* [EXTRACTED RECORDS]:
= = = = = = =

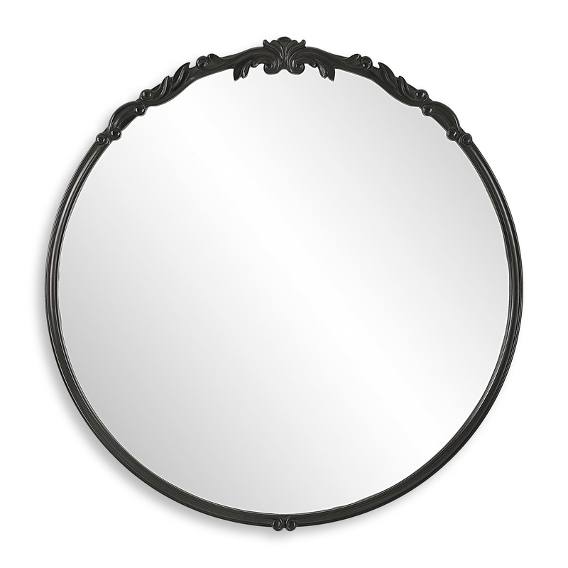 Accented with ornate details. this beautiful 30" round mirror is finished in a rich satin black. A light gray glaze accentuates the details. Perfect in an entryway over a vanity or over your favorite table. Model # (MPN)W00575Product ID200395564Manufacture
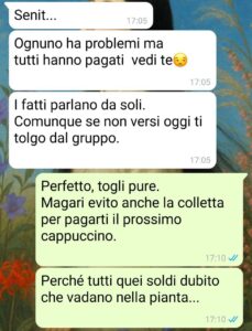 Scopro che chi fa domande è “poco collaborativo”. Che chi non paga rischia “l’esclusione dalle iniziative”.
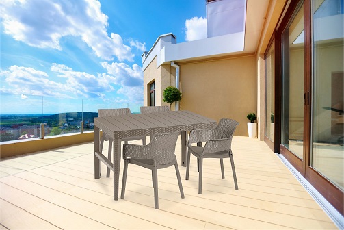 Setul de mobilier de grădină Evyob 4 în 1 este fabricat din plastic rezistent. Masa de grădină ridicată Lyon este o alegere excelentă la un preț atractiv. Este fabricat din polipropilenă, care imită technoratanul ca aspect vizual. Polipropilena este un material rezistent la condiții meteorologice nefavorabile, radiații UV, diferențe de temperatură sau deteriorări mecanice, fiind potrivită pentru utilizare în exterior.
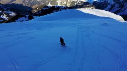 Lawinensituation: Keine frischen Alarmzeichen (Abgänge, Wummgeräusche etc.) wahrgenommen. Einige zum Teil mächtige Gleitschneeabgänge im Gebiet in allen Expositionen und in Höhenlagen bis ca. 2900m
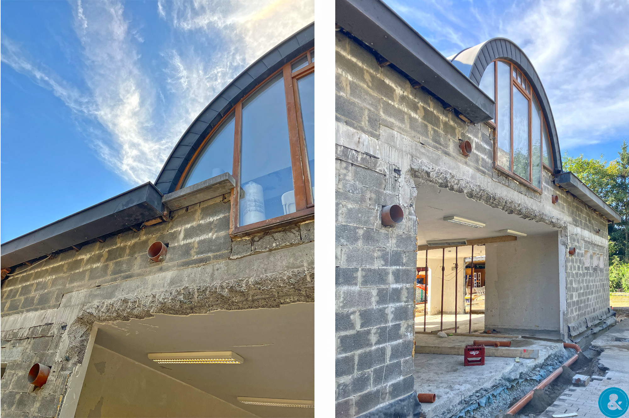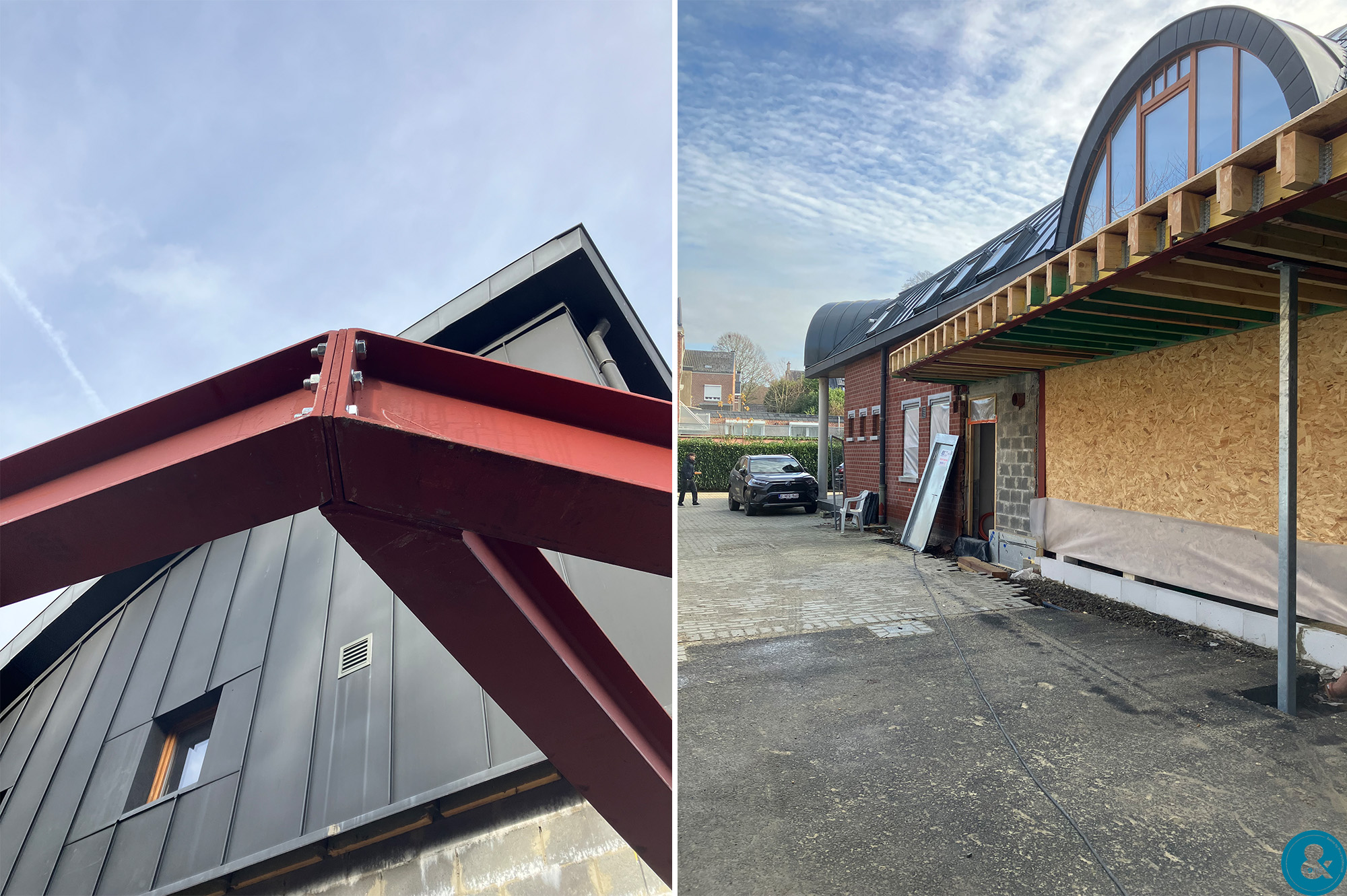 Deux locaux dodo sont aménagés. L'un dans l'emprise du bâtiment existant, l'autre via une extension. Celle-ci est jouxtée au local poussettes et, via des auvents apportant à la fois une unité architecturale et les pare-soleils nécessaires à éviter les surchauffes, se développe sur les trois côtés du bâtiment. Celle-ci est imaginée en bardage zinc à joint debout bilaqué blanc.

= = = = = = =

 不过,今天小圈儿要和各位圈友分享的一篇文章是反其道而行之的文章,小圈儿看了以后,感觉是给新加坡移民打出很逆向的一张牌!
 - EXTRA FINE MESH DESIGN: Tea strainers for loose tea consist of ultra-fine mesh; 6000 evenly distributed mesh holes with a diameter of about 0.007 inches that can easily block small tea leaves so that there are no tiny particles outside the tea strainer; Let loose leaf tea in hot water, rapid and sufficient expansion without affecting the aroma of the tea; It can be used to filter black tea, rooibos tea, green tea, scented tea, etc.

= = = = = = =

* [INSTRUCTIONS TO FOLLOW]:
Transcribe, from the material above, the stretch starting at the line with "Accented with ornate" and ending at the line with "Scopro che chi", both included, exactly. Do not carry over pictures.

* [EXERCISE OUTPUT]:
 Accented with ornate details. this beautiful 30" round mirror is finished in a rich satin black. A light gray glaze accentuates the details. Perfect in an entryway over a vanity or over your favorite table. Model # (MPN)W00575Product ID200395564Manufacture
 Scopro che chi fa domande è “poco collaborativo”. Che chi non paga rischia “l’esclusione dalle iniziative”.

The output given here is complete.